El niño que acompaña a su madre a la feria o al mercado, o que va con su padre al banco o a la tienda, estará aprendiendo mejor las matemáticas de lo que podría lograr en la escuela. Los niños cuyos padres leen el diario, reciben revistas, compran libros, recitan poesías y hacen discursos, esos niños tendrán un vocabulario y capacidades lingüísticas más desarrolladas que sus pares en el colegio. Los niños que pueden acompañar a sus padres a votar y que participan en las discusiones en torno a las elecciones lograrán una comprensión del sistema político y gubernamental que el colegio nunca proveerá. Son actividades realizadas dentro del contexto, y por lo tanto dan significado a lo ocurrido.
Si el dinero gastado en textos y ropa de colegio se dedicara a viajes a lugares de interés, si los abuelitos cooperaran contando sus memorias del pasado, si toda la familia se dedicara a aprender un nuevo idioma, ¡qué ventaja tendrían aquellos niños! Sus conocimientos de la geografía, la historia y muchos otros temas se amplificarían, pero lo que es más, su comprensión de esos temas, de su importancia y aplicación a la vida, sería mucho mayor. Es nada menos que fisiológico que los niños aprendan cosas relacionadas a los intereses de sus padres y adultos cercanos. Lo que ocurre en el colegio no está relacionado con su vida, por lo tanto sus neuronas están adormecidas de modo que no logran aprender.
La única reforma que dará éxito
Hace falta una gran revolución: Una revolución de niños que rechazan ir a la escuela por puro pasar el tiempo, porque prefieren aprender de verdad; una revolución de padres que aceptan su responsabilidad de manejar la familia, tomando tiempo con sus hijos para así lograr una mejor sociedad; una revolución de profesores que estén dispuestos a fomentar el aprendizaje natural y animar a los padres en su responsabilidad para con sus hijos; una revolución en el gobierno que–en vez de pretender que todos son iguales–se dedique a crear espacio para el libre albedrío, reconociendo que somos todos diferentes y lo que sirve para uno no funciona para otro.

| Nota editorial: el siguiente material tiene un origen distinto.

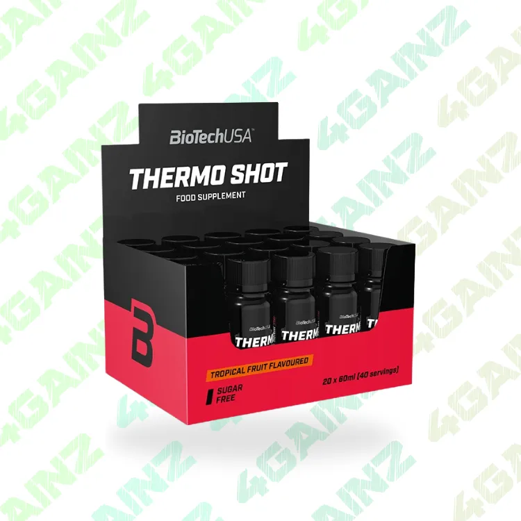 BioTechUSA Thermo Shot yra koncentruotas, termogeninis skystis, skirtas palaikyti riebalų deginimą ir energijos lygį, praturtintas L-karnitinu ir cholinu. Šis patogus paketas su 20 atskirų „shotų“ idealiai tinka ilgalaikiam vartojimui.

Esto significa permitir una variedad de colegios e instituciones educativas, a la vez que permitir y apoyar a las familias educadoras.
La reforma que falta dará a los profesores la oportunidad de enseñar a su manera, en base a su
experiencia. Si los niños siguen sin aprender, es porque el profesor está mal ubicado. Debería buscar otro trabajo, pues no se puede entrenar a una persona para ser profesor si en realidad no lo es. El profesorado debería estar compuesto de los mejores en su materia, pero ahora tenemos un dicho: que el que puede, hace, y el que no puede, enseña. Pensando otra vez en las neuronas espejo, no es nada asombroso que exista una crisis educacional. Si se pagara bien a los pocos profesores que saben inspirar a los alumnos, y se despidieran a los demás, empleando a madres y abuelas entretanto, es lógico que daría mejores resultados que las presentes "reformas".
La única reforma que cumplirá los sueños del ciudadano es aquella que se basa en la recuperación de la familia y que facilita la acción de esas neuronas. Llevar los niños al trabajo, traer el trabajo a casa, llevar la clase al negocio o implementar actividades de la vida real (como participar en la construcción de casas para damnificados, por ejemplo) son métodos que dan resultados seguros. Los colegios pueden ser ferias de conocimiento, donde gente de cualquiera edad puede ir a aprender lo que se les antoja; donde los profesores "venden" su conocimiento como si estuvieran vendiendo un buen auto o una alfombra; y donde los alumnos asisten porque tienen preguntas o inquietudes o simplemente ganas de saber. Cuando la educación es un privilegio, todos querrán aprender.